### Task instructions
Write out the listing below in full and exactly, leaving out every picture.
----
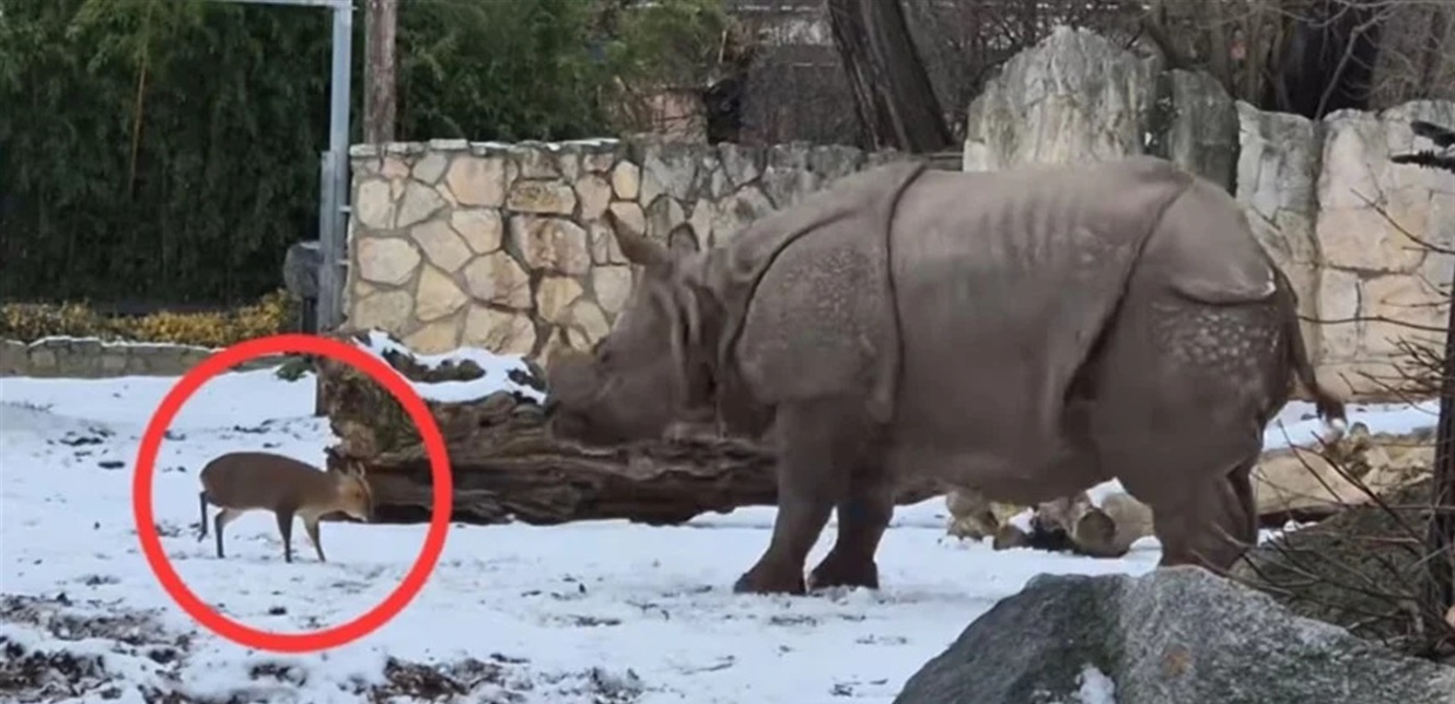 ، حيث ظهر غزال صغير من نوع المونتجاك الصيني وهو يتحدى وحيد قرن ضخم يزن 1.7 طن.
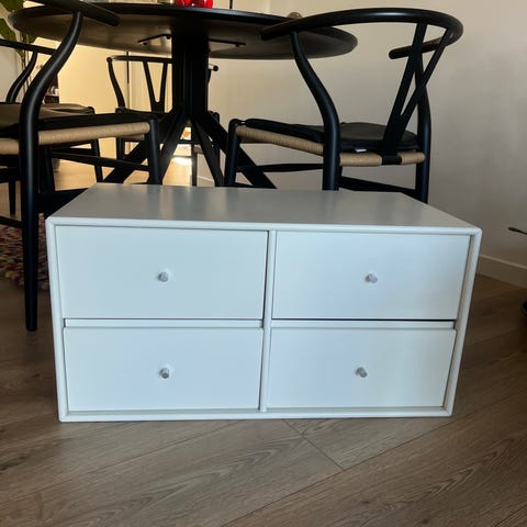 Lækre hvide Montana dash natborde helt nyy, ingen brugsspor. Sælges da vi ikke har plads i vores nye lejlighed.
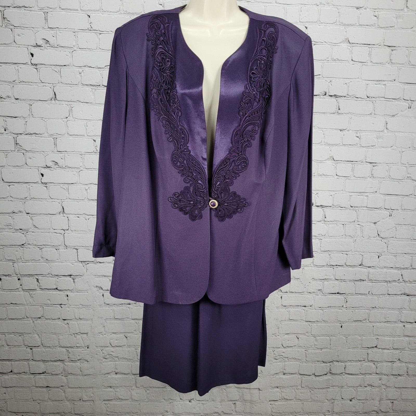 VTG R&M Richards Purple Skirt Suit Outfit 2 Piece Set USA Made Size 22W
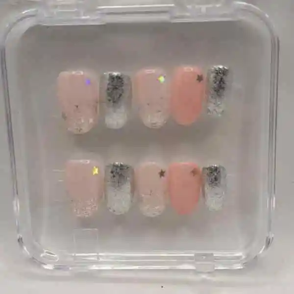 Uñas hechas a mano con finos detalles en glitter. Forma: Ovalada , Talla: L Kit Incluye: 10 uñas, 24 stickers, lima, palo de cuticula, alcohol pad. 100% veganas, libres de crueldad animal, listas en 10min y duran hasta 2 semanas.
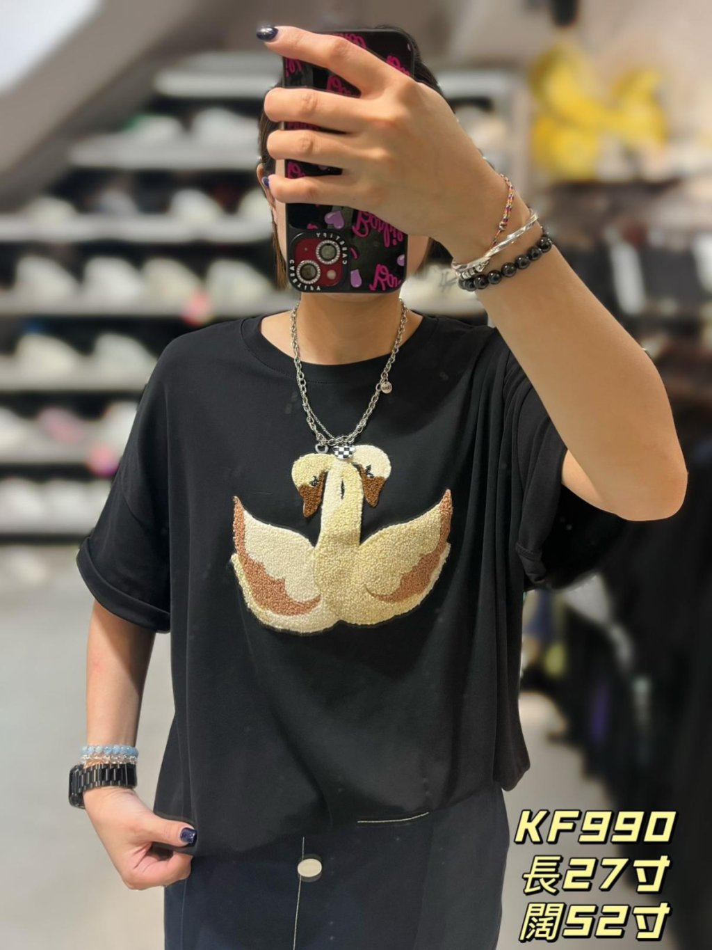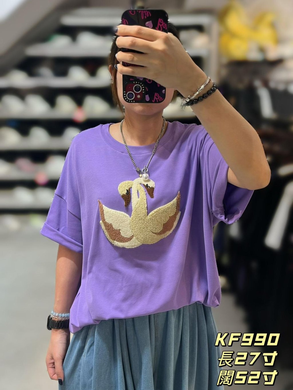 KF990 棉料立體天鵝TOP $130 紫、黑、啡
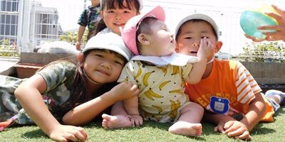 ラッコ組、ライオン組は園庭でふれあい遊びを
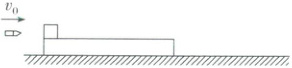 [例$5$] 如图所示,质量为$M$的木块静止于光滑的水平面上,一质量为$m$、速度为$v_0$的子弹水平射入木块且未穿出,设木块对子弹的阻力恒为$F$,求:
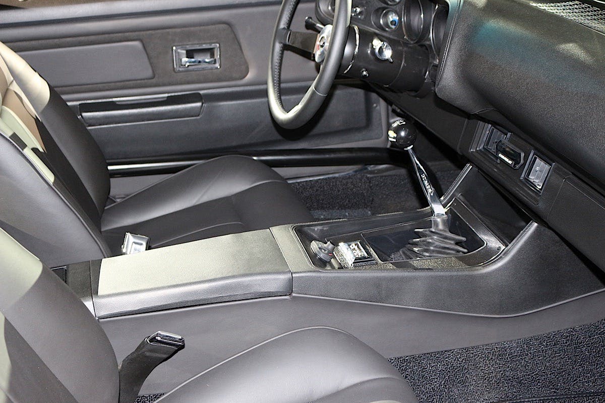 To get all that power to the ground, the stock leaf springs have been ditched in favor of a four-link rear suspension with coilover shocks and 19-inch wheels shod with some serious rubber. Up front, you can find the stock suspension replaced with a coilover kit and rack-and-pinion steering to keep the car nimble, and likely making this one of the best handling classic Camaros, ever.
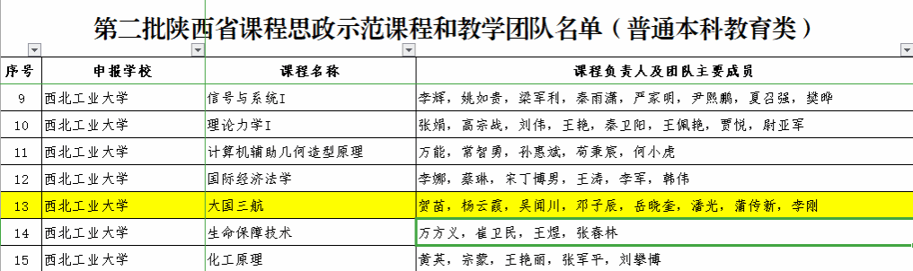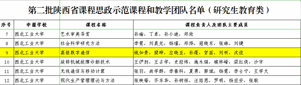 近日,陕西省教育厅公布了第二批陕西省课程思政示范课程、教学团队和教学研究示范中心名单,其中学院开设的《大国三航》课程入选第二批陕西省课程思政示范课程和教学团队(普通本科教育类),《大国三航》课程是由beat365亚洲版官网、航空学院、航天学院、航海学院、材料学院、机电学院、动力与能源学院、物理科学与技术学院、软件学院共同打造,极具西工大特色的一门公共选修课,是学校思政课程和课程思政同向同行的突破探索。学校教务处批准立项为文美通识课程。学院副院长贺苗参与的《高级数字通信》课程入选第二批陕西省课程思政示范课程和教学团队(研究生教育类)。
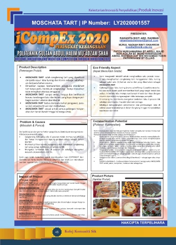 • MOSCHATA TART bebas daripada bahan pengawet, pera- sekaligus membantu masalah ekonomi peniaga.
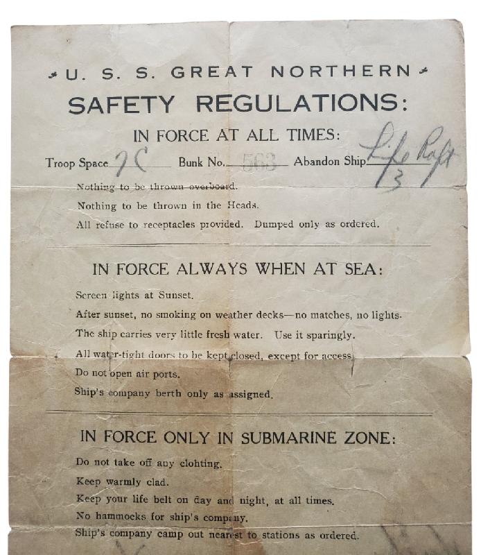 Document en bon état général. Déchiré au niveau de certaines pliures. Document donné aux soldats américains en partance pour la France ou au retour vers les USA.
----
### Finished task
 ، حيث ظهر غزال صغير من نوع المونتجاك الصيني وهو يتحدى وحيد قرن ضخم يزن 1.7 طن.
 Lækre hvide Montana dash natborde helt nyy, ingen brugsspor. Sælges da vi ikke har plads i vores nye lejlighed.
 VTG R&M Richards Purple Skirt Suit Outfit 2 Piece Set USA Made Size 22W
 Uñas hechas a mano con finos detalles en glitter. Forma: Ovalada , Talla: L Kit Incluye: 10 uñas, 24 stickers, lima, palo de cuticula, alcohol pad. 100% veganas, libres de crueldad animal, listas en 10min y duran hasta 2 semanas.
 KF990 棉料立體天鵝TOP $130 紫、黑、啡
 ラッコ組、ライオン組は園庭でふれあい遊びを
 [例$5$] 如图所示,质量为$M$的木块静止于光滑的水平面上,一质量为$m$、速度为$v_0$的子弹水平射入木块且未穿出,设木块对子弹的阻力恒为$F$,求:
 To get all that power to the ground, the stock leaf springs have been ditched in favor of a four-link rear suspension with coilover shocks and 19-inch wheels shod with some serious rubber. Up front, you can find the stock suspension replaced with a coilover kit and rack-and-pinion steering to keep the car nimble, and likely making this one of the best handling classic Camaros, ever.
 近日,陕西省教育厅公布了第二批陕西省课程思政示范课程、教学团队和教学研究示范中心名单,其中学院开设的《大国三航》课程入选第二批陕西省课程思政示范课程和教学团队(普通本科教育类),《大国三航》课程是由beat365亚洲版官网、航空学院、航天学院、航海学院、材料学院、机电学院、动力与能源学院、物理科学与技术学院、软件学院共同打造,极具西工大特色的一门公共选修课,是学校思政课程和课程思政同向同行的突破探索。学校教务处批准立项为文美通识课程。学院副院长贺苗参与的《高级数字通信》课程入选第二批陕西省课程思政示范课程和教学团队(研究生教育类)。
 • MOSCHATA TART bebas daripada bahan pengawet, pera- sekaligus membantu masalah ekonomi peniaga.
 Document en bon état général. Déchiré au niveau de certaines pliures. Document donné aux soldats américains en partance pour la France ou au retour vers les USA.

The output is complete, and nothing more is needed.